5. Create Databricks App if Not Exists

This step in the GitHub Actions workflow ensures that Databricks apps are created if they do not already exist. It performs the following actions:

Environment Variables :

  • DATABRICKS_HOST: The Databricks host URL, retrieved from GitHub secrets.
  • DATABRICKS_TOKEN: The Databricks access token, retrieved from the environment variables.

Loop Through Directories :

  • The script iterates over each directory inside the apps directory.
  • It skips hidden directories (those starting with a dot).

Create App :

  • For each app directory, it attempts to create a new Databricks app using the Databricks API.
  • If the app already exists, it skips the creation process.
  • It will also allow the app to use the Sql endpoint and app service principal to permissions

Check App Status :

  • If the app is newly created, the script waits until the app’s status becomes ACTIVE.
  • It checks the app status every 30 seconds.

Deploy App :

  • Once the app is ACTIVE, it deploys the app using the databricks apps deploy command.

    - name: Create Databricks app if not exists
      env:
        DATABRICKS_HOST: ${{ secrets.DATABRICKS_HOST }}
        DATABRICKS_TOKEN: ${{ env.DATABRICKS_TOKEN }}
        SQL_WAREHOUSE: ${{ secrets.SQL_WAREHOUSE }}
        
      run: |

        for app_dir in $(find apps -mindepth 1 -maxdepth 1 -type d); do
          app_name=$(basename "$app_dir")
          if [[ $app_name == .* ]]; then
            echo "Skipping hidden directory: $app_name"
            continue
          fi
          echo "Processing app: $app_name"

          RESPONSE=$(curl --request POST \
          --url "${{ secrets.DATABRICKS_HOST }}/api/2.0/apps" \
          --header "Authorization: Bearer $DATABRICKS_TOKEN" \
          --header "Content-Type: application/json" \
          --data "{\"name\": \"$app_name\", \"default_source_code_path\": \"/apps/$app_name\", \"resources\": [{\"sql_warehouse\": {\"id\": \"$SQL_WAREHOUSE\", \"permission\": \"CAN_MANAGE\"}}]}")

        
          echo "response=$RESPONSE" >> $GITHUB_ENV
          echo "Create app $RESPONSE"

          if echo "$RESPONSE" | grep -q "ALREADY_EXISTS"; then
            echo "App $app_name already exists.

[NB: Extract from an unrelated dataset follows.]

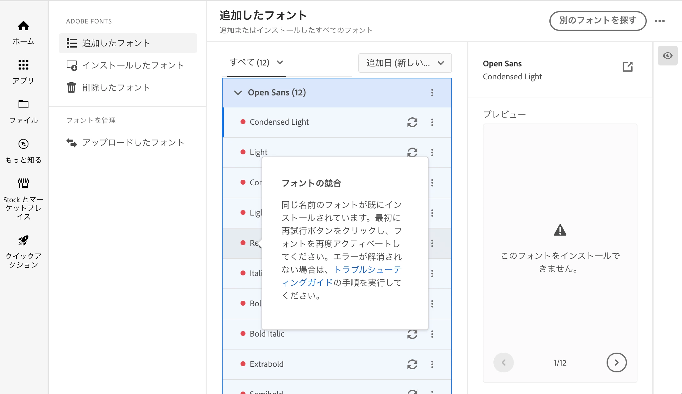Adobe Fonts でアクティベートしたフォントが追加されておらず困っています。
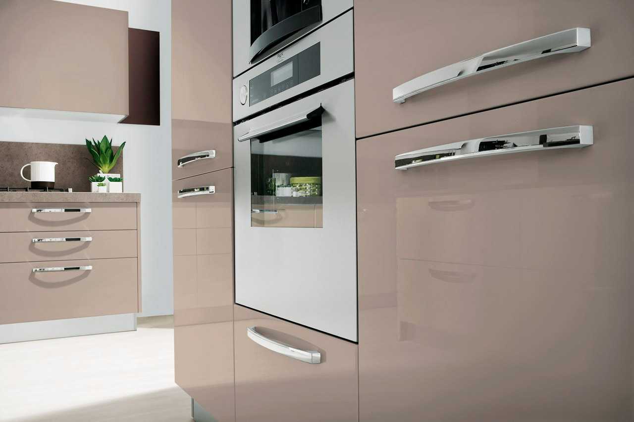 Главное правило выбора — все ручки должны быть одно цвета и не различаться по оттенкам или блеску. В зависимости от цвета и фактуры фасадов, столешницы могут уместно смотреться хромированные, черные, бронзовые варианты.

Skipping creation."
          else
            # Wait until the app is in the ACTIVE state
            while true; do
              APP_STATUS=$(curl --request GET \
                --url "${{ secrets.DATABRICKS_HOST }}/api/2.0/apps/$app_name" \
                --header "Authorization: Bearer $DATABRICKS_TOKEN" | jq -r .compute_status.state)
              
              if [[ "$APP_STATUS" == "ACTIVE" ]]; then
                echo "App $app_name is ACTIVE"
                break
              fi
              
              echo "Waiting for app $app_name to become ACTIVE. Current state: $APP_STATUS"
              sleep 30
            done
          fi
          #This will make sure that the app will update
          databricks apps deploy $app_name --source-code-path /Workspace/apps/$app_name

        done

Things to do for production

** Access management

When you create an app, it needs access to sql endpoint for accessing data

The service principals that are automatically created in the deployment should be added to a relevant group. This is for accessing data.

There is also an option to give access to everyone in the organisation.

Example apps

The example apps are all the same. Streamlit apps show how to use editable dataframes.

NB! If you want the app to work you need to add the cluster id and also create a catalog app_dev, schema default and people. Also add service principal to access the underlying data. For some reason the varibles don’t work correctly.

Conclusions

The apps and the APIs are still in preview, so they can give you some grey hair. I think having a CI/CD pipeline ready for developing apps makes the development process much easier, both from the testing and quality points of view. Access management will require a lot of work if you have many workspaces and networking restrictions between different catalogs.